====== EXERCISE INPUTS ======

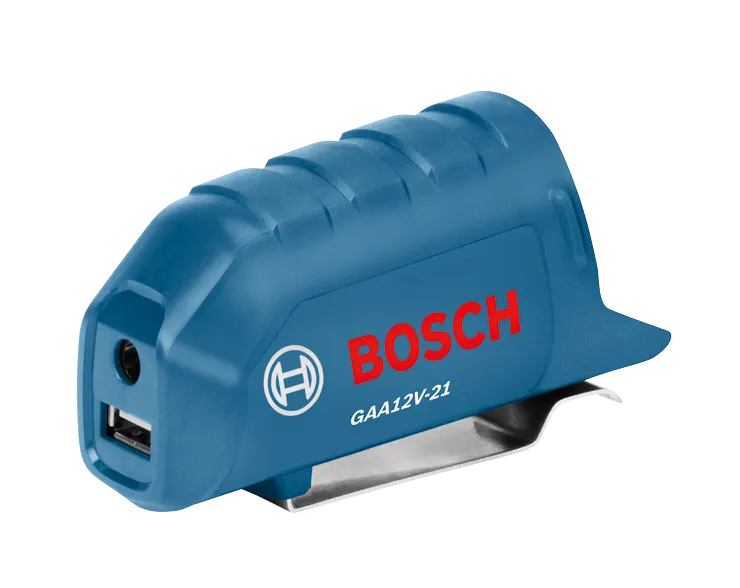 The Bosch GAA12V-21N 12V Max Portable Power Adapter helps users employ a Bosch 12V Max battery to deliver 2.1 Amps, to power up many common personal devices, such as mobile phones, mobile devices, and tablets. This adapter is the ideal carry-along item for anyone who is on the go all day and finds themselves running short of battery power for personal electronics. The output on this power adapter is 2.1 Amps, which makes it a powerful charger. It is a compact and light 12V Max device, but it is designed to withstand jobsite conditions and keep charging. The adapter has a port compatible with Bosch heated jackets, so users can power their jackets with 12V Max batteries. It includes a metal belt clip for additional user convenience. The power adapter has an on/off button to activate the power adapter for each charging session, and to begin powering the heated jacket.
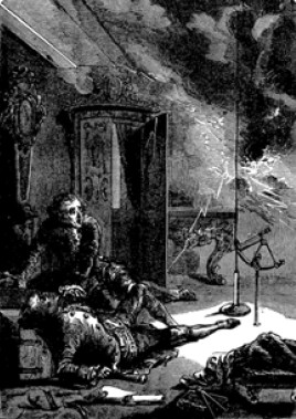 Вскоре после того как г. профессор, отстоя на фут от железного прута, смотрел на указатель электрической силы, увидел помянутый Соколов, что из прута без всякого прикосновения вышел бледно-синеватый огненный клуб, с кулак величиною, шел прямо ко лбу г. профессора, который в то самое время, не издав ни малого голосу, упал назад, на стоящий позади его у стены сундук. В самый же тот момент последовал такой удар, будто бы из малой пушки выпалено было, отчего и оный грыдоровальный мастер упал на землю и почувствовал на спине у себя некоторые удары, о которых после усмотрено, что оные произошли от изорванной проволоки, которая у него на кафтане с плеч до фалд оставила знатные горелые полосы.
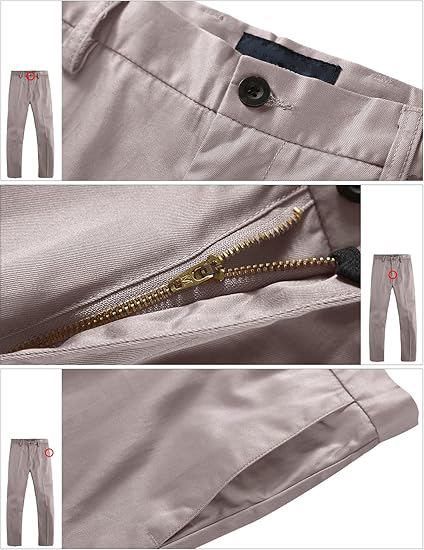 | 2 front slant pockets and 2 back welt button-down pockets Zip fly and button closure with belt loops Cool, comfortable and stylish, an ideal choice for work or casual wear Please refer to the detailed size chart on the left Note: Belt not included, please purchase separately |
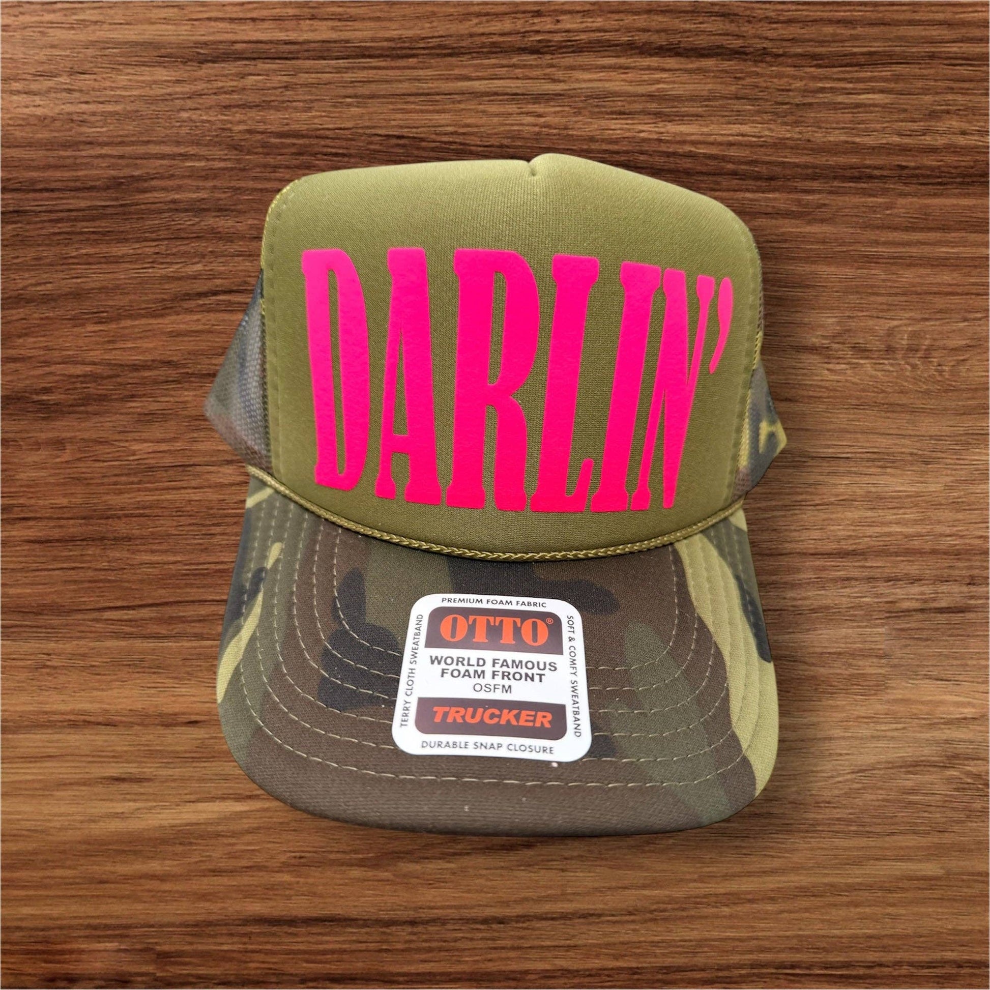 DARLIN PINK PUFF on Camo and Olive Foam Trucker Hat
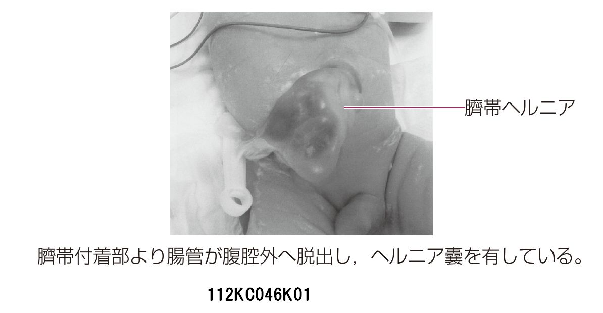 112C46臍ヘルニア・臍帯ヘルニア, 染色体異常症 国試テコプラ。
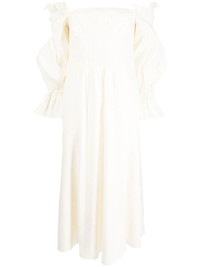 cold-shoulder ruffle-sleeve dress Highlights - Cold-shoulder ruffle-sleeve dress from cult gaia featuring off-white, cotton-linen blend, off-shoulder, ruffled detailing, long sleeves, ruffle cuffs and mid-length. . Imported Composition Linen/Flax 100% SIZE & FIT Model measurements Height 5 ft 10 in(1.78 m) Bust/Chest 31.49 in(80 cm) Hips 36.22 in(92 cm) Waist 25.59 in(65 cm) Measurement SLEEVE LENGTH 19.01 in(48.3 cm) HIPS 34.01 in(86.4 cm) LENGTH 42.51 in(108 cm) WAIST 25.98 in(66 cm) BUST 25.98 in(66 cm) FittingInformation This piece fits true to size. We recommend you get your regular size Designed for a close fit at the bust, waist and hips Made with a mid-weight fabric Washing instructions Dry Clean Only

======

* YOUR GOAL
Exact reproduction of the entries above is required, with pictures excluded.

* YOUR SOLUTION
 The Bosch GAA12V-21N 12V Max Portable Power Adapter helps users employ a Bosch 12V Max battery to deliver 2.1 Amps, to power up many common personal devices, such as mobile phones, mobile devices, and tablets. This adapter is the ideal carry-along item for anyone who is on the go all day and finds themselves running short of battery power for personal electronics. The output on this power adapter is 2.1 Amps, which makes it a powerful charger. It is a compact and light 12V Max device, but it is designed to withstand jobsite conditions and keep charging. The adapter has a port compatible with Bosch heated jackets, so users can power their jackets with 12V Max batteries. It includes a metal belt clip for additional user convenience. The power adapter has an on/off button to activate the power adapter for each charging session, and to begin powering the heated jacket.
 Вскоре после того как г. профессор, отстоя на фут от железного прута, смотрел на указатель электрической силы, увидел помянутый Соколов, что из прута без всякого прикосновения вышел бледно-синеватый огненный клуб, с кулак величиною, шел прямо ко лбу г. профессора, который в то самое время, не издав ни малого голосу, упал назад, на стоящий позади его у стены сундук. В самый же тот момент последовал такой удар, будто бы из малой пушки выпалено было, отчего и оный грыдоровальный мастер упал на землю и почувствовал на спине у себя некоторые удары, о которых после усмотрено, что оные произошли от изорванной проволоки, которая у него на кафтане с плеч до фалд оставила знатные горелые полосы.
 | 2 front slant pockets and 2 back welt button-down pockets Zip fly and button closure with belt loops Cool, comfortable and stylish, an ideal choice for work or casual wear Please refer to the detailed size chart on the left Note: Belt not included, please purchase separately |
 DARLIN PINK PUFF on Camo and Olive Foam Trucker Hat
 112C46臍ヘルニア・臍帯ヘルニア, 染色体異常症 国試テコプラ。
 cold-shoulder ruffle-sleeve dress Highlights - Cold-shoulder ruffle-sleeve dress from cult gaia featuring off-white, cotton-linen blend, off-shoulder, ruffled detailing, long sleeves, ruffle cuffs and mid-length. . Imported Composition Linen/Flax 100% SIZE & FIT Model measurements Height 5 ft 10 in(1.78 m) Bust/Chest 31.49 in(80 cm) Hips 36.22 in(92 cm) Waist 25.59 in(65 cm) Measurement SLEEVE LENGTH 19.01 in(48.3 cm) HIPS 34.01 in(86.4 cm) LENGTH 42.51 in(108 cm) WAIST 25.98 in(66 cm) BUST 25.98 in(66 cm) FittingInformation This piece fits true to size. We recommend you get your regular size Designed for a close fit at the bust, waist and hips Made with a mid-weight fabric Washing instructions Dry Clean Only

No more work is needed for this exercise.